My AI Lab Experiments 🤖
Welcome to the AI Lab, my digital playground for exploring the intersection of development and AI! We’re in an era where AI is becoming a powerful co-pilot for coders, and this is where I put it to the test. I’m using Gemini Canvas Pro as a creative partner to see just how quickly an idea can become a functional HTML application, aiming to smash through creative blocks and accelerate the entire workflow.
Below, you’ll find a growing collection of simple apps, each bootstrapped with AI assistance. Think of them as tangible proof-of-concepts that show how AI can handle brainstorming, generate boilerplate code, and speed up development. The goal is to share fun, practical examples of what’s possible. So, dive in, explore the projects, and get inspired to integrate an AI partner into your own tech stack!
Red Hat Documentation PDF extractor
Built with: Gemini Pro Canvas
I wanted to extract all PDFs from the Red Hat documentation for a specific product and version to use them as sources to create a NotebookLM. I thought that there should be a better way than doing it manually, link by link and then downloading the PDF.
I felt it was a good challenge to try Gemini Canvas coding for this purpose 🙂 and it actually worked, after some back-and-forth iterations it seems to be working fine.
You give the tool the main URL of the product documentation where you have the product and version (ex: https://docs.redhat.com/en/documentation/red_hat_openstack_services_on_openshift/18.0/ ) and it’ll scrap the main page for other URLs and get back all the pdf version URLs for you
MP3 Cutter App
Built with: Gemini Pro Canvas
I wanted to share another fun project I’ve been working on: a fully functional MP3 Cutter and Trimmer web application.
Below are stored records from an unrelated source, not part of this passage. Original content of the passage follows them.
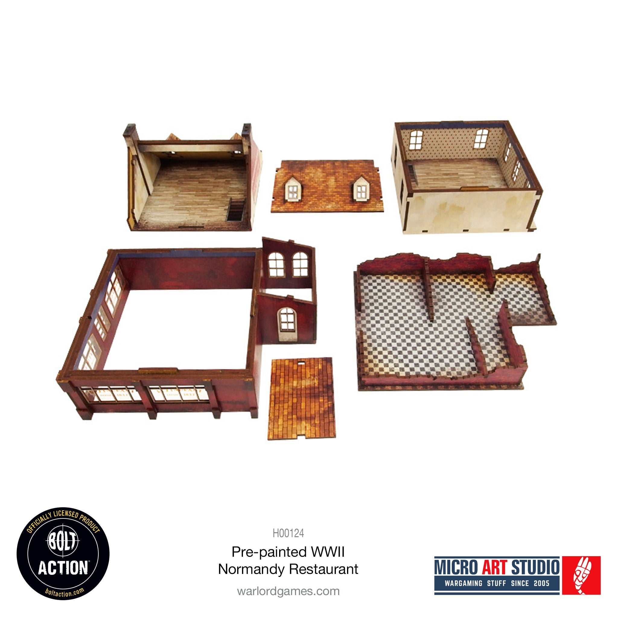 Multicolor prepainted (UV-printed) 3-level WW2 Normandy Restaurant building with accessible colorful interiors, removable levels and removable ruined ground floor. Room to fit in the whole infantry squad inside. Pre-cut acrylic transparent window panes included. Option to assemble with open or closed doors.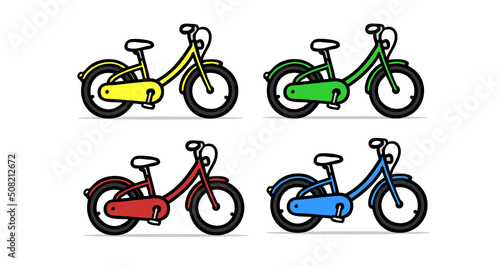 Verschieden bunte fabrbige Cartoon Kinderfahrräder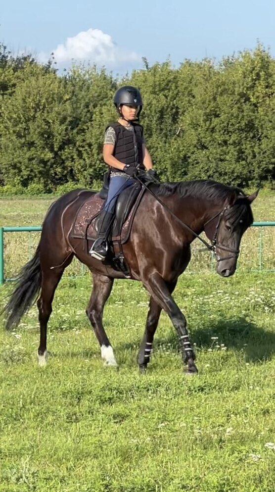 Детские езды, готовится к Юношам. Лёгкий, ровный по контакту, знает плечо, уступку, траверс, принимание на рыси, полупируэты на шагу. Хорошие подъемы и переходы.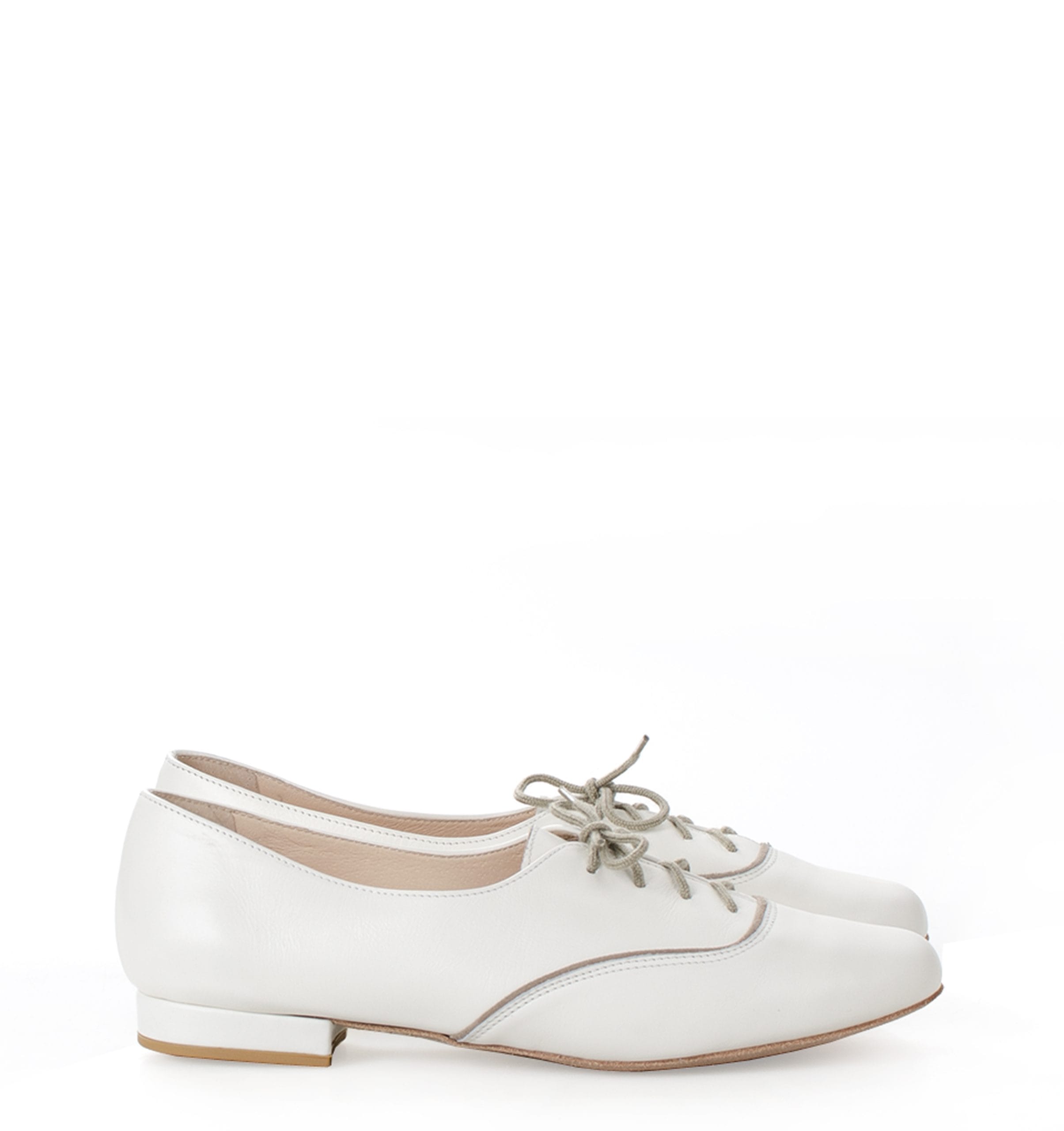 FLORES – kremowe buty treningowe na płaskim obcasie o wysokości 1,5 cm (mierzone dla rozmiaru 37). Przeznaczone do ćwiczeń tanga i innych tańców. Skórzana, welurowa podeszwa jest elastyczna i miękka, bez usztywnienia. FLORES to wygodne, sznurowane buty do treningu tanecznego.
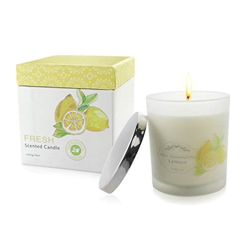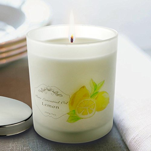 Natural Soy Wax Candle with Pure Essential Oil, Aromatheraphy Candle, Smokeless Candle, Huge Size Scented Candle (9oz/250g). (Lemon)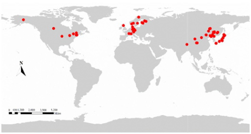 图1.整合分析中选择的冻融循环实验世界范围内分布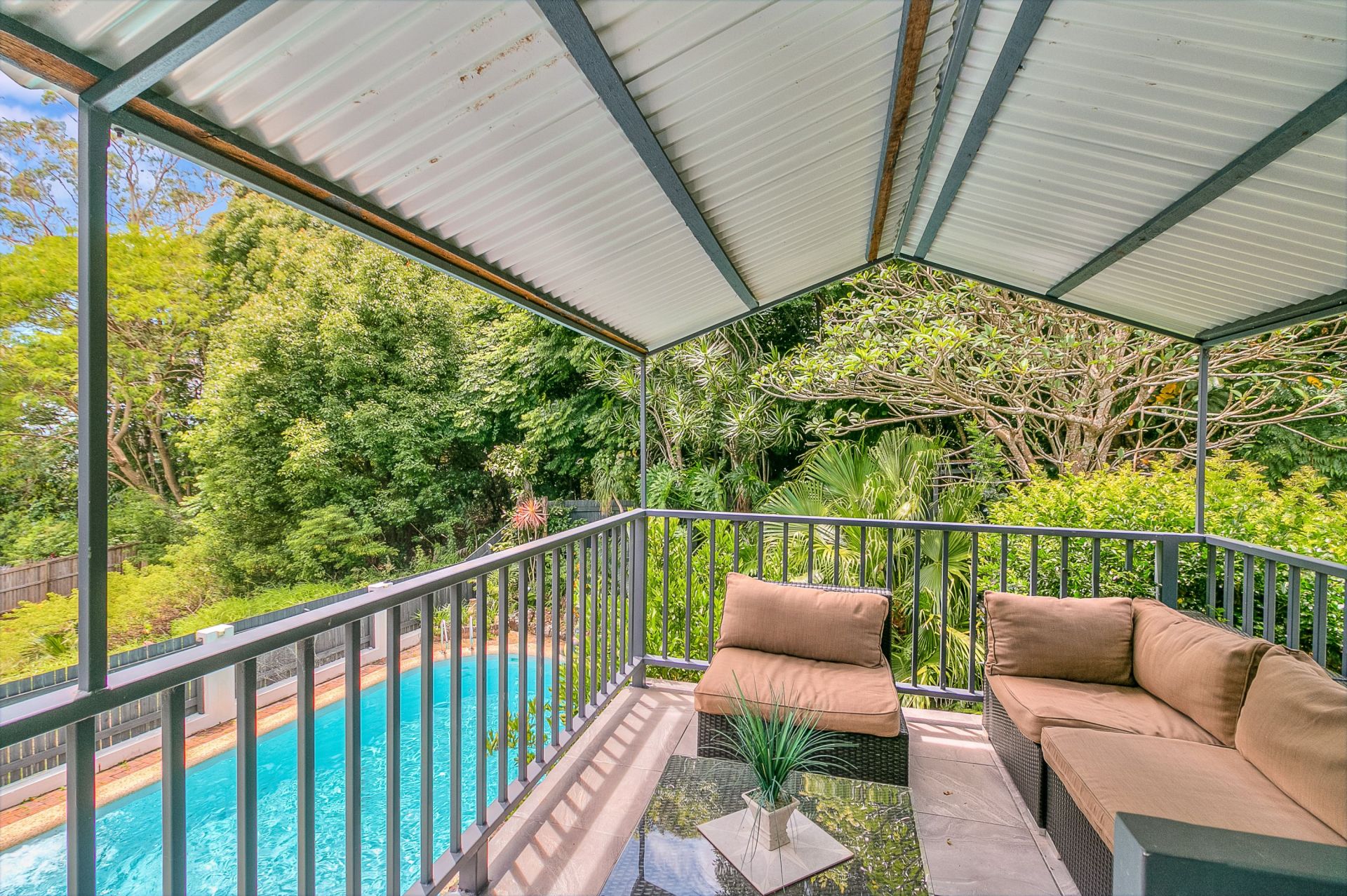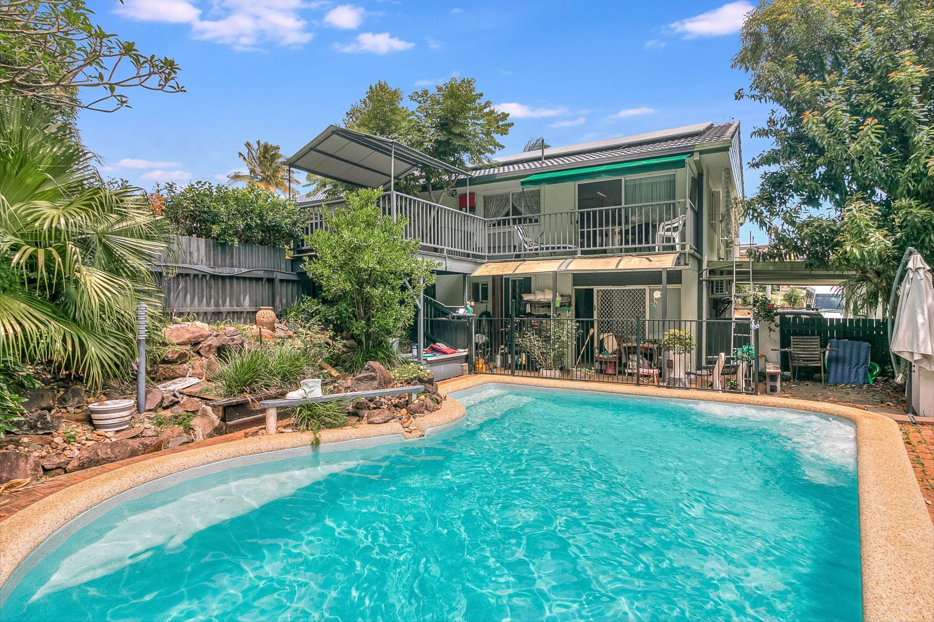 The property is ideal for the family with 5 bedrooms 3 bathrooms and a Saltwater fibreglass pool on a private 895m2 block
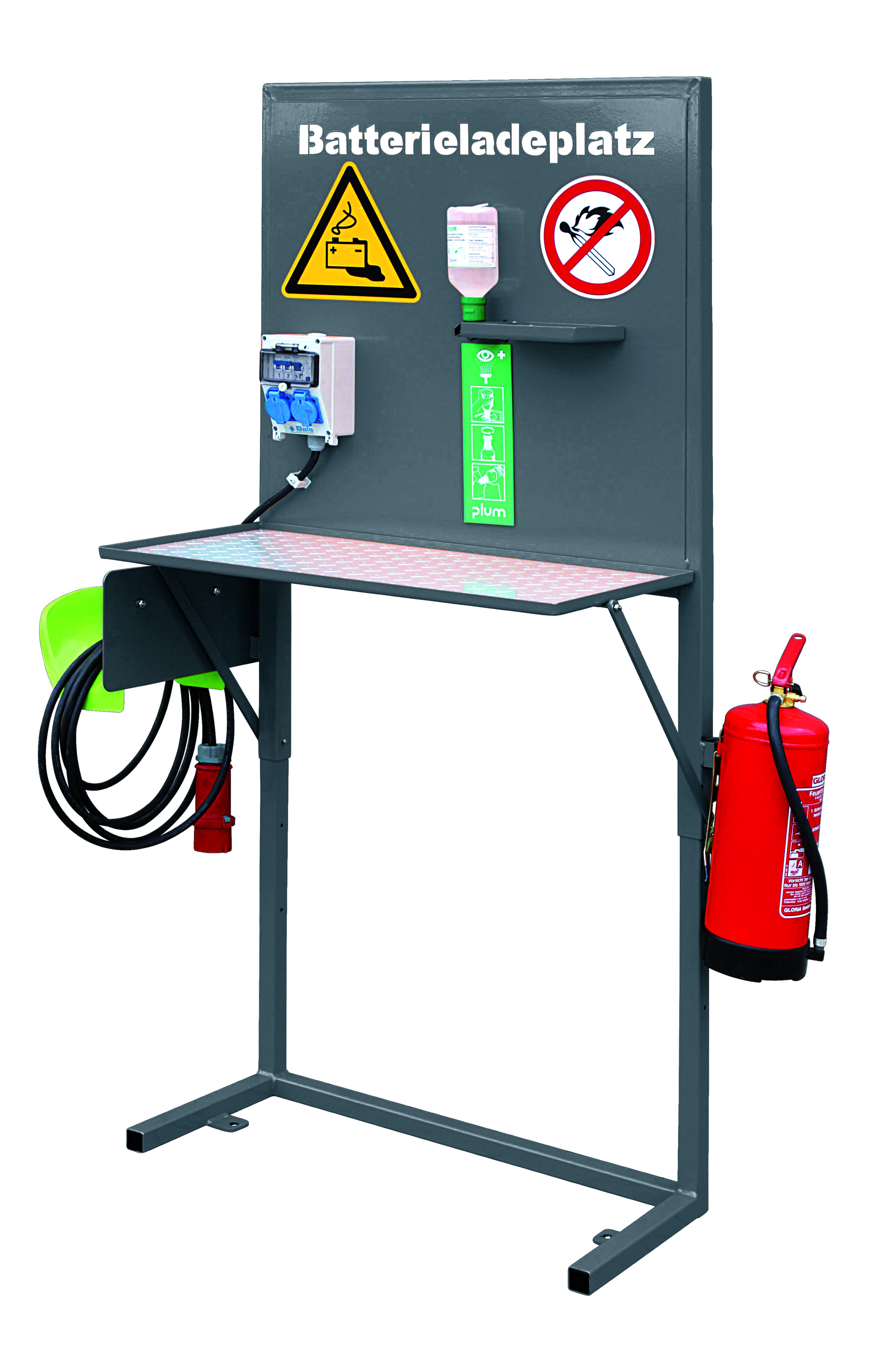 - Der Batterie-Ladeplatz ist gemäß GroLa BG und VdS-Infoblatt 2259 konzipiert und ermöglicht einfaches und sicheres Laden von Batterien in verschiedenen Anwendungsbereichen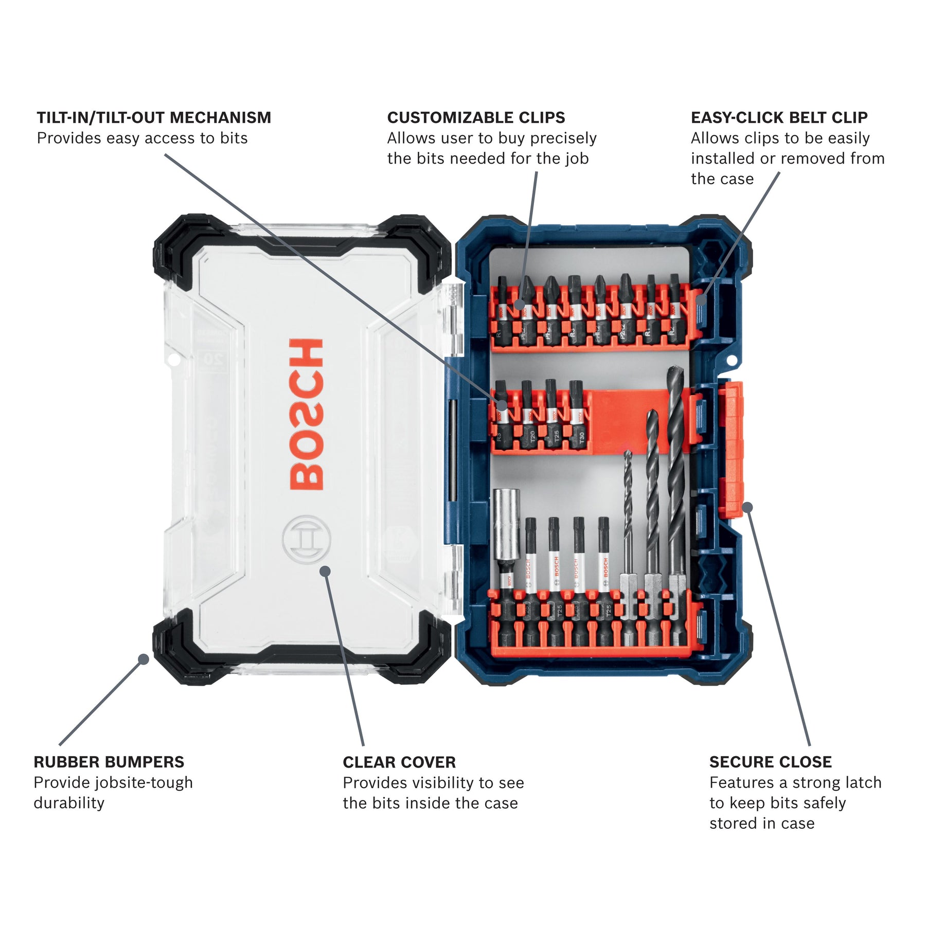 Equip your toolkit with Bosch’s Impact Tough precision—add this 20-piece custom case set to your cart today.

You can use it to upload an MP3 file or load one from a direct URL, and it will display the audio waveform. From there, you can easily select a specific part of the audio, preview it, and then download just the cropped section as a new, high-quality MP3 file.
This application was created as an experiment to see what’s possible when collaborating on code with Google’s Gemini. My goal was to move beyond simple demos and build a genuinely useful tool that anyone can use directly in their browser, with no software to install.